Ворона приподняла бровь.

– И что?

– А то, что наши, – Искра осеклась, – Люди Пастыря боятся сюда заходить. Считают, что все здешние земли колдовством пропитаны.

Ворона не выдержала, фыркнула.

– Пастырь так и говорит, что здесь всё пропитано мерзким колдовством, и правоверным тут нечего искать, – ответила Искра.

Ворона лишь покачала головой.

– Именно поэтому тебя убить хотели?

– Я пыталась предупредить, – ответила девушка. – Наши следопыты привезли с собой заразу.

– Ты откуда об этом узнала?

– Проверила с помощью приборов, оставленных моей учительницей, – ответила Искра, – Знахаркой, что жила на хуторе близ поселения Пастыря до меня. Она приютила меня и растила как родную.

– А потом пришли люди Пастыря.

Искра кивнула.

– Так оно и было, – сказала она. – Они пришли из выжженных пустынь. Там, где ничто живое, по определению, не может выжить. Там даже мутантов нет.

Она замолчала, отвернулась. И тихо сказала:

– Пастырь провёл их. – Затем, она снова посмотрела на Ворону и сказала: – Поверь, его не просто так любят. Не просто потому, что он оказался сильнее, или хитрее, чем другие главари банд. Он сумел дать людям не только еду и защиту от монстров, отравы и радиации.

– А взамен потребовал полного повиновения – усмехнулась Ворона.

– Ему даже и просить не надо было, – грустно улыбнулась Искра, – Когда эти переселенцы появились близ нашего хутора, среди них было много больных и умирающих. Мы с Наставницей лечили их. Помогали Пастырю. И видели, как его боготворят. Было за что.

Затем, она внимательно посмотрела на Ворону. Было в её взгляде что-то, что заставило Ворону испытать смутное, неприятное, щемящее чувство, напоминающее страх, когда спиной чувствуешь, что за тобой из теней наблюдает затаившийся хищник.

– Я видела его несколько раз, – добавила она дрожащим голосом. – Это не обычный человек. Когда он говорит, он как будто бы зачаровывает. Кажется, что он всё знает, всё понимает, всё может. Те, кто были с ним там, в Пустыне, говорили, что он подчинял своей воле даже чудищ, песчаных червей. И одним своим присутствием прогонял хищников от своего племени.

Ворона напряглась. Всё-таки хорошо, что она зашла поговорить с гостьей. Она узнала кое-что, что Адаму и Егору Матвеевичу будет полезно знать. А, кроме того…неужели Пастырь такой же, как её Адам? Такой же Новый Человек? Иначе, как бы он сумел провести свой народ по выжженным пустошам?

– Я не знаю, – Искра смущённо улыбнулась, – может быть, это я чересчур мнительная. Может быть, это моё больное воображение так разыгралось, но, я чувствовала рядом с ним, будто бы он…смотрит мне в душу. Всё видит, всё понимает. И имеет власть над ней.

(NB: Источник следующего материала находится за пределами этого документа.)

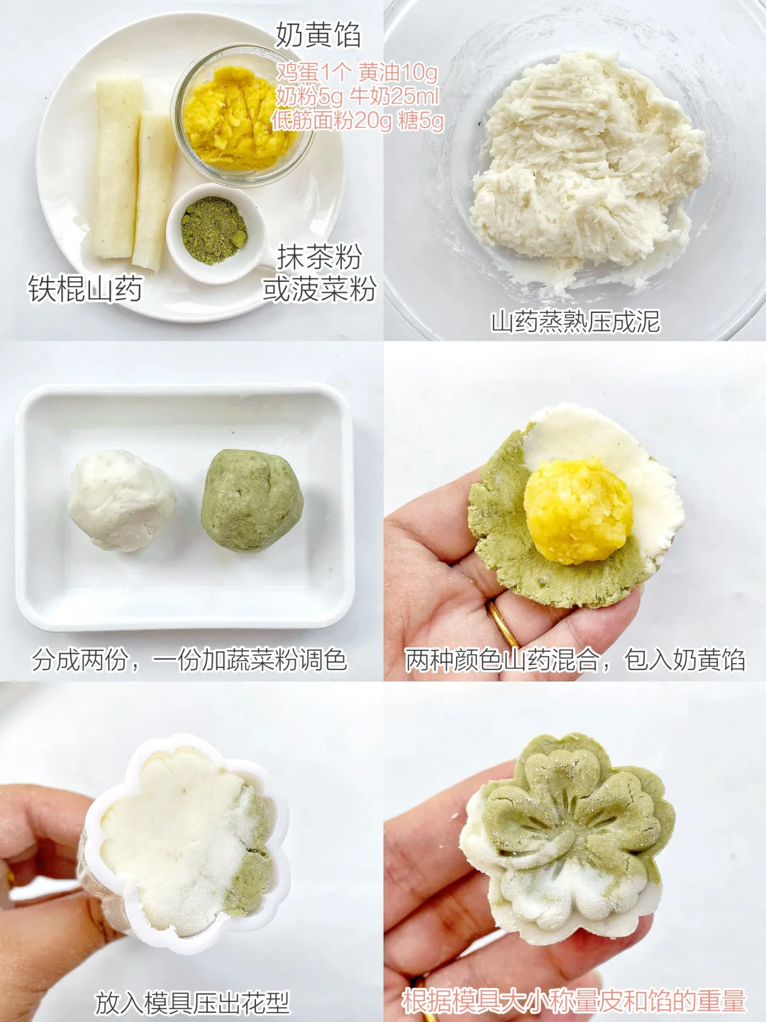 🥮中秋节到啦,分享几款宝宝们的小月饼,饼皮都是山药做的,口感软糯糯又容易消化,馅料也都是老少皆宜,赶紧做收藏起来做一下吧,不用烤箱,敲简单哦!! ~ ⬇️小贴士: ✨山药要选择含水量少的铁棍山药,蒸熟后趁热压成泥,再摊开晾干一下水分,这样捏起来更容易成型。如果你的山药含水量多,可以加少量炒熟糯米粉或者宝宝吃的米粉。 ✨大宝宝吃还可以在山药泥加少许糖或者炼乳。 ~ 💗红豆山药月饼 💜紫薯山药月饼 💚奶黄山药月饼 💛红薯山药月饼

– Как тот светловолосый молодой человек, который тебя лечил? – осторожно поинтересовалась Ворона.

– Нет, нет, – покачала головой Искра. – Совсем не так. Ваш… Ваш, он, другой…

Она мечтательно посмотрела куда-то в сторону.

– От него исходит тепло, – сказала она. – Он будто бы обнимает. Утешает. А Пастырь…он укрывает, но и как будто бы давит. Стискивает тебе горло. Словно хищный вьюн. Постепенно сдавливает, высасывает все жизненные соки.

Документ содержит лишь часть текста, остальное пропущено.